Deborah Buchholz tells the Problem Solvers she’s received 15 text messages over the past 13 days from strangers asking her to buy cannabis products. She is afraid she is being targeted by scammers.

“It’s very fearful to know that you could be hacked like that and have things you worked for so hard taken away in just a swipe. It’s just not right,” she said.

Public health officials started reporting complaints about scams involving fake COVID-19 remedies in March. Some fraud operations tried to entice victims into clicking on links in order to buy fake test kits. Others sold fake CBD “cures.”

Dr. Sarah Cohen of Resource Medical Center says research is still being done on CBD’s effect on the coronavirus.

“We are far from making any declarative statements about the benefits versus the risks of using cannabis,” she said.

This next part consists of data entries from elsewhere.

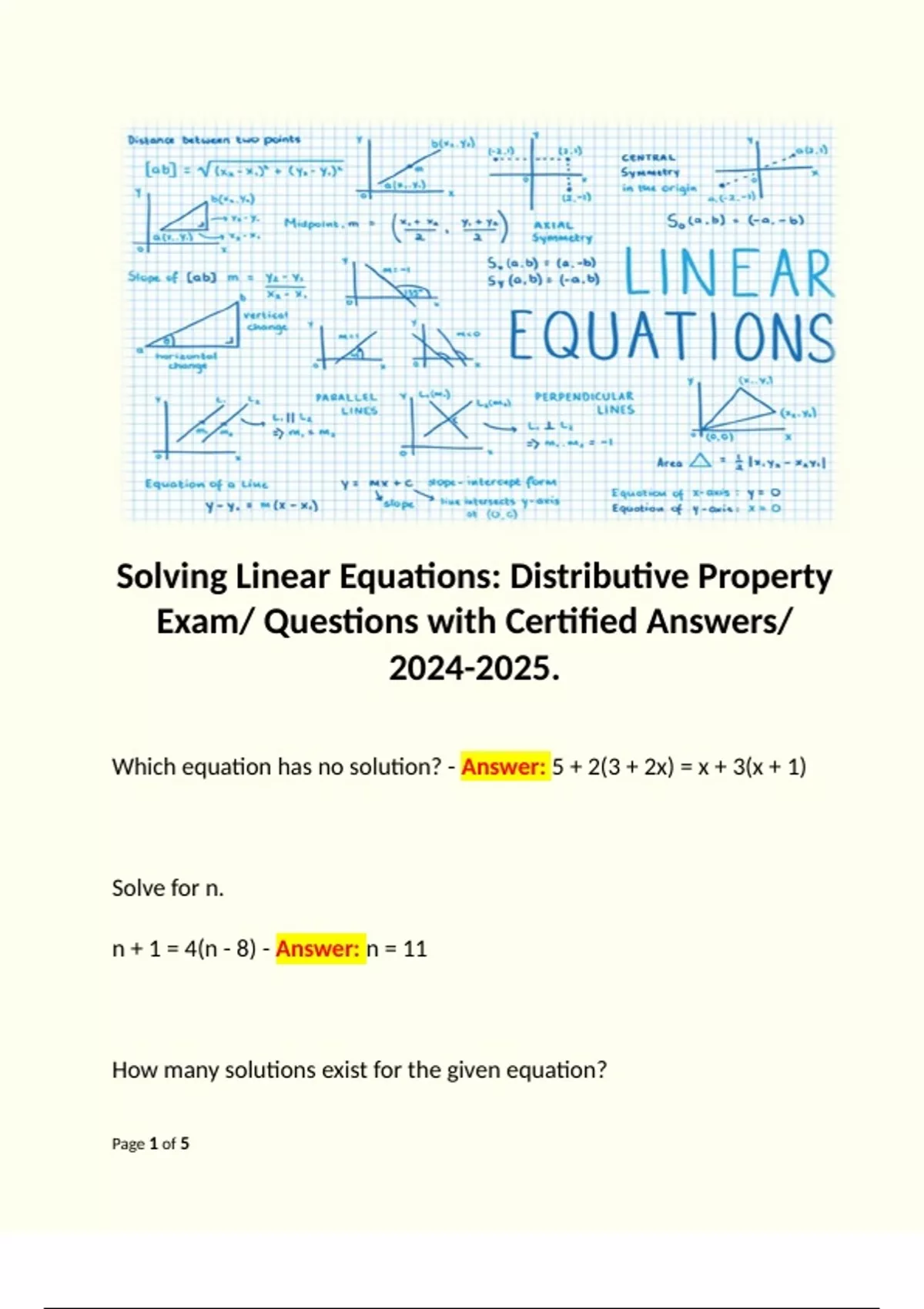 Which equation has no solution? - Answer: 5 + 2(3 + 2x) = x + 3(x + 1)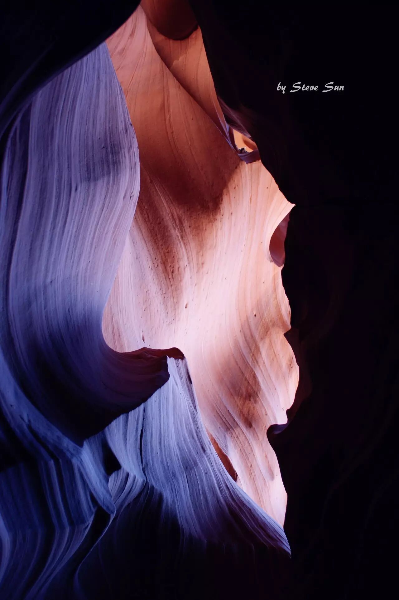 至于拍摄下羚羊谷的最佳时间,最好的可能还是正午前后,这个时候的光线最为充足。但是小猴更加喜欢避开正午,看看下面的照片,当阳光偏斜的时候,在一些特定位置岩壁两侧会呈现出不同的色彩。季节上,因为不需要等待光柱,所以一年四季都可以考虑,但是仍以春末到秋初为最佳。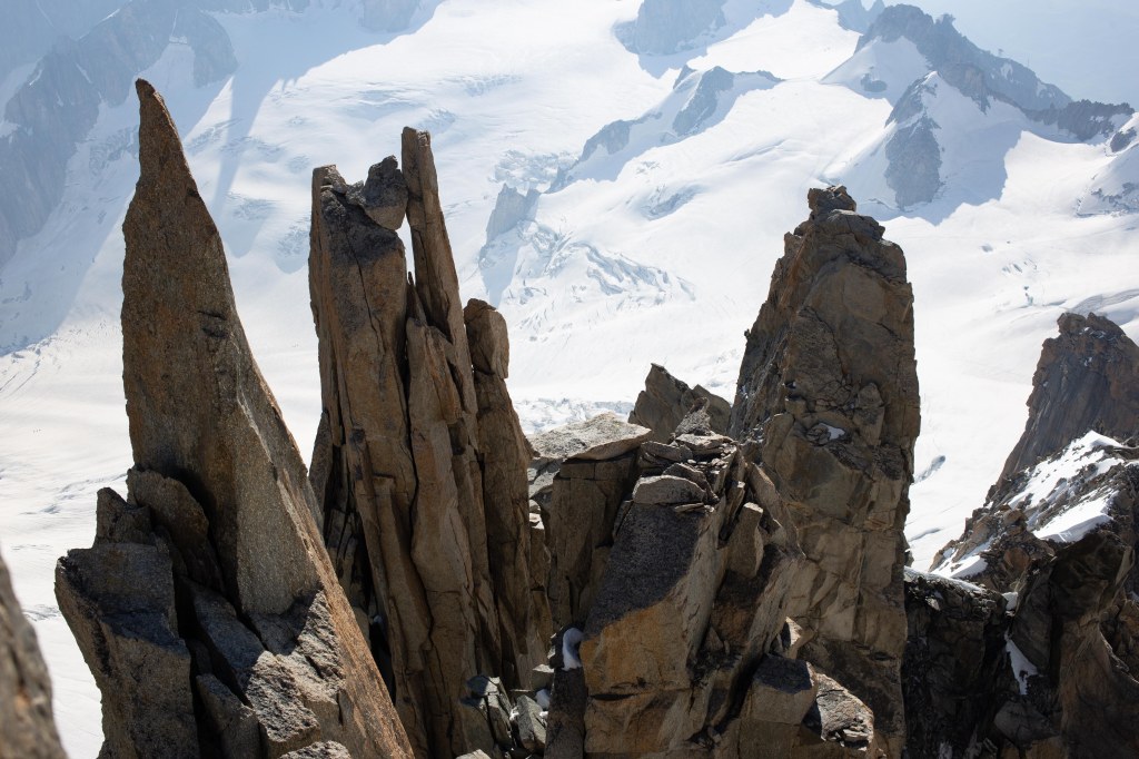 I had asked Bertrand to “step it up” and the traverse of the Aigulles du Diable is graded D+, a significantly higher level than anything I have attempted before and the hardest graded route in my guidebook. A traverse of challenging rock spires encompassing six 4,000m peaks high above the glacial snow and ice of Chamonix.

Internet security expert Brian Cather of CP Cyber says crooks are constantly gathering contact information on the Dark Web from security breaches.

“These attackers can buy that record for cents on the dollar,” Cather said, adding, “They’re after Social Security numbers and financial information.”

Security experts say the best thing you can do to protect yourself is to never click on links in emails and texts from strangers and let phone calls from unknown sources go to voicemail.

If you suspect you are being targeted by scammers, you can file a report with the state Attorney General’s Office.